Часть 5 из 26 В начало
Для доступа к библиотеке пройдите авторизацию
В багряном свете никогда не заходящего солнца спал Дараявахауш э-Афшин.
Разумеется, спал он не просто сном – глубже сна. Тише сна. Там не было сновидений об упущенных возможностях и безответных чувствах, не было кошмаров об утопающих в крови городах и безжалостных господах. Он лежал на фетровом покрывале, которое выткала для него мать, когда он был еще мальчишкой, в тенистой кедровой лощине. Сквозь деревья виднелся ослепительный сад, который то и дело привлекал его внимание.
Но не сейчас. Дара не вполне представлял, где находится, да это и не имело значения. В воздухе пахло родным домом, семейными обедами и священным дымом огненных купелей. Его веки то и дело приподнимались, но ненадолго, пока птичьи трели и звуки далекой лютни опять не убаюкивали его. Только этого Дара и желал: отдыхать, пока кости не перестанут чувствовать усталость. Пока не выветрится из памяти запах крови.

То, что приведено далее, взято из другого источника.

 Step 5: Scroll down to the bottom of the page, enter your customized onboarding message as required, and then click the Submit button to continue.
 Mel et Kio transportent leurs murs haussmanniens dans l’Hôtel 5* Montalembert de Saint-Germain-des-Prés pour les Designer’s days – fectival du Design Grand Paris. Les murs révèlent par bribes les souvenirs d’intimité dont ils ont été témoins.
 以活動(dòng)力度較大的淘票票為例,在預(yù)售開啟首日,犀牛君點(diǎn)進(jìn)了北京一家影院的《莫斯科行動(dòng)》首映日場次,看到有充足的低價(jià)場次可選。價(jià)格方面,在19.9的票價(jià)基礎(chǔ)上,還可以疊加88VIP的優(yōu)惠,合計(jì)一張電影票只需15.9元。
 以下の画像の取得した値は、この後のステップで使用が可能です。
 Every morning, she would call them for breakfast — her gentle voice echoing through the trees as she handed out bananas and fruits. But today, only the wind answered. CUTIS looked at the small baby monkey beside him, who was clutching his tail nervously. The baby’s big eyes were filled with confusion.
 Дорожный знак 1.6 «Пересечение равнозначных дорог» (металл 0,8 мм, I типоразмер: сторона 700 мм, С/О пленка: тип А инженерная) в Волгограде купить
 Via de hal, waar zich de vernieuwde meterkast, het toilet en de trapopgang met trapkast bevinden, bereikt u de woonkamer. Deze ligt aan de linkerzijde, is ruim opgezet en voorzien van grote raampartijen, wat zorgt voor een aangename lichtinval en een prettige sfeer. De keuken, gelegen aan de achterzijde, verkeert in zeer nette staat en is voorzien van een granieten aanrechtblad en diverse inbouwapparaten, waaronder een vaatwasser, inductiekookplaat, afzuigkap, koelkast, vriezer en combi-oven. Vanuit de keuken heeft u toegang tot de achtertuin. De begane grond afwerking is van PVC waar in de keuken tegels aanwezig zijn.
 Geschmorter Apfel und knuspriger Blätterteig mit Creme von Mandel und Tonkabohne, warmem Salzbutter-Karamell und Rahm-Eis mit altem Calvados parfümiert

Маленькая рука легла ему на плечо.
Дара улыбнулся.
– Опять вернулась, сестренка?
Он открыл глаза. Тамима присела рядом с ним на колени, улыбаясь ему беззубой улыбкой. Маленькую фигурку его младшей сестры окутывал саван, ее черные волосы были аккуратно заплетены в косы. Тамима очень изменилась по сравнению с тем, какой Дара увидел ее в первый раз. Когда она появилась в лощине, ее саван был насквозь пропитан кровью, а кожа иссечена и выжжена именами, начертанными тохаристанскими символами. При виде этого он пришел в бешенство: голыми руками он разворотил всю лощину и не остановился, пока, обессиленный, не упал в ее детские объятия.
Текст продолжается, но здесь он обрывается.